The people of Maghdouché only returned to their ancestral village during the reign of the Druze Prince Fakhreddin II (1572-1635). The prince, who was considered a tolerant and enlightened ruler of his day and age, believed in equality amongst the diverse religious followers of his Lebanon. To demonstrate this equality, he appointed a Maronite Catholic as Prime Minister, a Muslim as Minister of the Interior, a Druze as Army Commander and a Jew as Finance Minister. His reign was a rare example of non-sectarianism, and it soon became the most prosperous principality in the Ottoman Empire.

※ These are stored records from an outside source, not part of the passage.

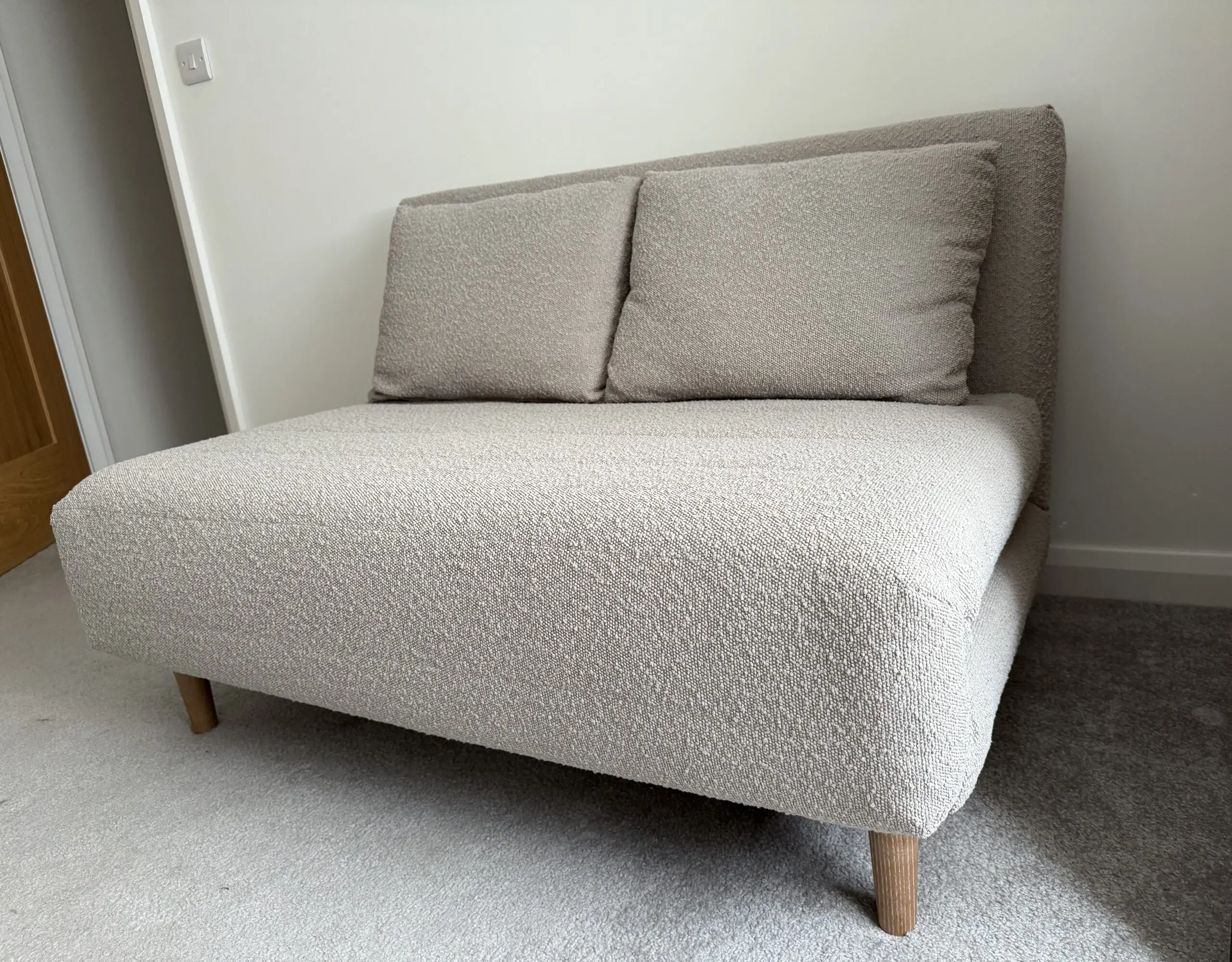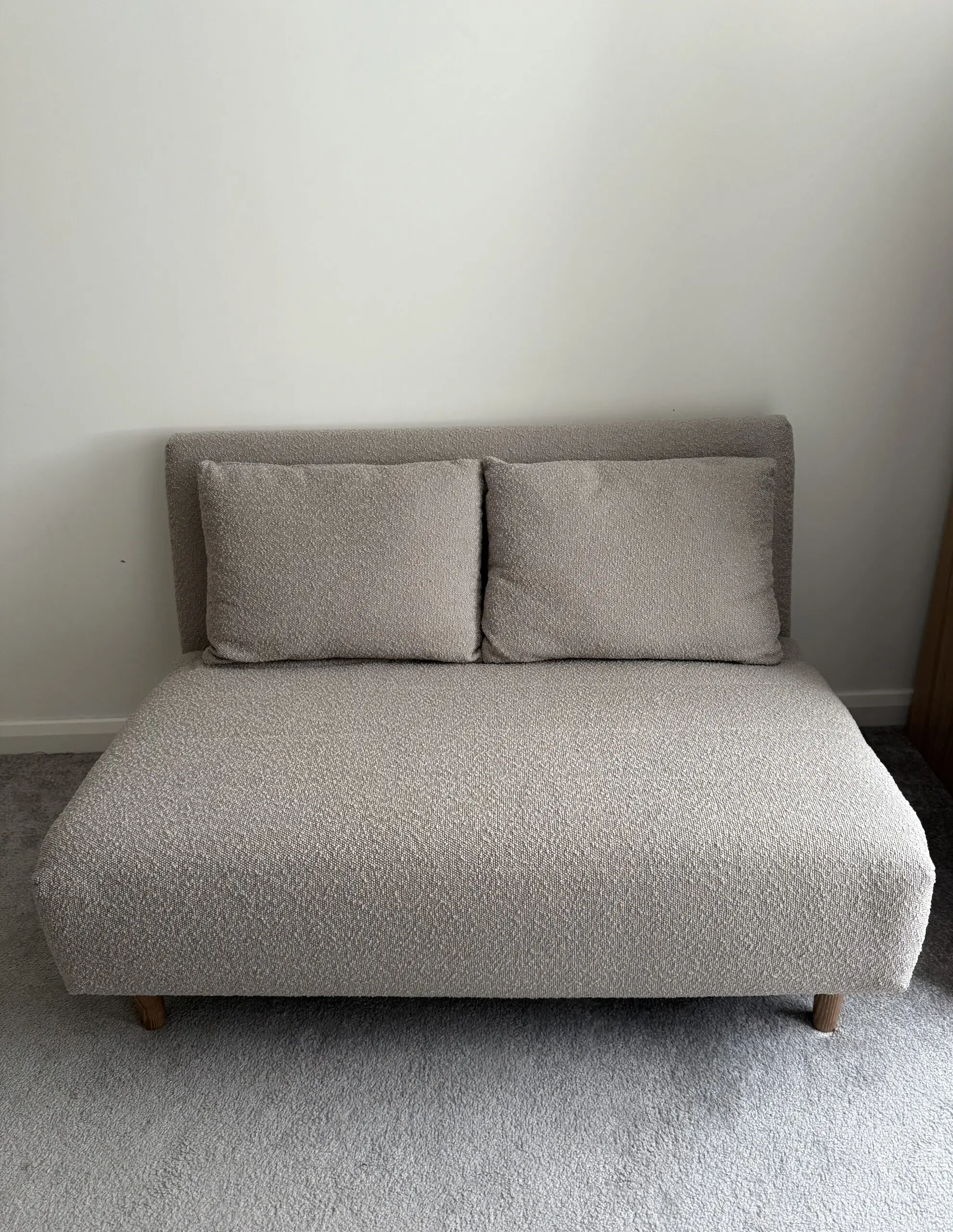 The sofa is from a guest room and never been slept on so it’s in a perfect condition. It unfolds super easy into a double bed.
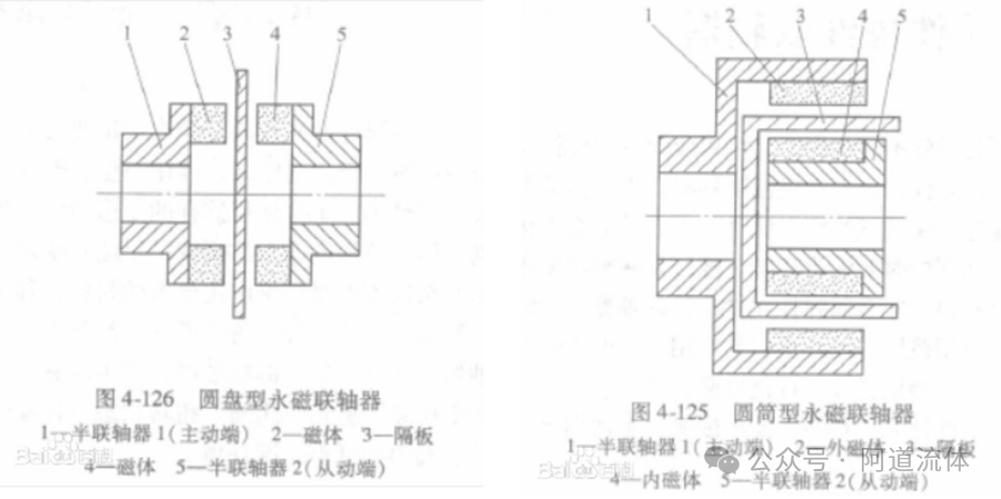 那么,电机轴穿过腔体的同时,要实现密封,并且是动密封,增加了设计、制造的难度,可靠性也会受影响。而通过磁驱动,可以隔着密封外壳,在密封壳外面,利用电机带动磁铁,来驱动密封壳内部也安装了磁铁的转动零件(永磁联轴器),实现液体输送。将动密封(轴密封)问题,变成了相对简单的静密封问题,设计更加可靠。
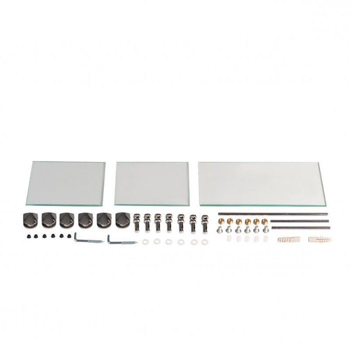 Дзеркало KRM Belantis - ACS705 від Kroner має 3 полиці 480х675х100, що кріпляться до стіни за допомогою шурупів, які входять до комплекту. Дзеркало комплектується трьома полицями з прозорого скла з хромованими бортиками, що запобігає випадковому падінню гігієнічних засобів. Габарити основної полиці 200х100 мм, габарити двох додаткових - 120х100 мм. Полиці кріпляться до дзеркала за допомогою металевих тримачів.
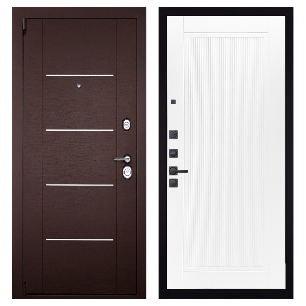 Прочность и защита: Полотно толщиной 100–120 мм из двух стальных листов, усиленные петли БАРК и пять противосъёмных штырей гарантируют надёжность конструкции.

It was not easy to locate the sacred cave even though the men of Maghdouché worked for hundreds of years near the grotto, pulling down the stones of the Crusader fort for building material for their new homes. The cave was finally rediscovered on 8 September 1721 by a young shepherd when one of his goats fell in a well-like opening in the porous limestone. Wanting to save his goat, the shepherd made a rope from vine twigs, tied it to a tree, and descended into the hole, but the rope broke and he fell. When his eyes became accustomed to the darkness of the grotto, the boy saw a soft glimmer of a golden object, which turned out to be Saint Helena’s icon of the Mother and Child. The boy climbed up the stone walls and ran to the village to tell his discovery.

==Pilgrimage site==

Ever since the rediscovery, the cave of Our Lady of Awaiting has been open to the public. It has become a major pilgrimage site in the Lebanon. The adjacent hilltop where Jesus and Mary had once stood is now Sidon's Greek Catholic cemetery. Grand festivities are held each year on September 8 to commemorate the rediscovery of the sacred cave.

Near the sacred cave, the people of Magdhdouché built a cathedral and a modern tower crowned with a bronze statue of the Virgin and Child. The tower offers pilgrims panoramic views of Sidon, the Mediterranean, and the lush hills, valleys and citrus groves of Lebanon.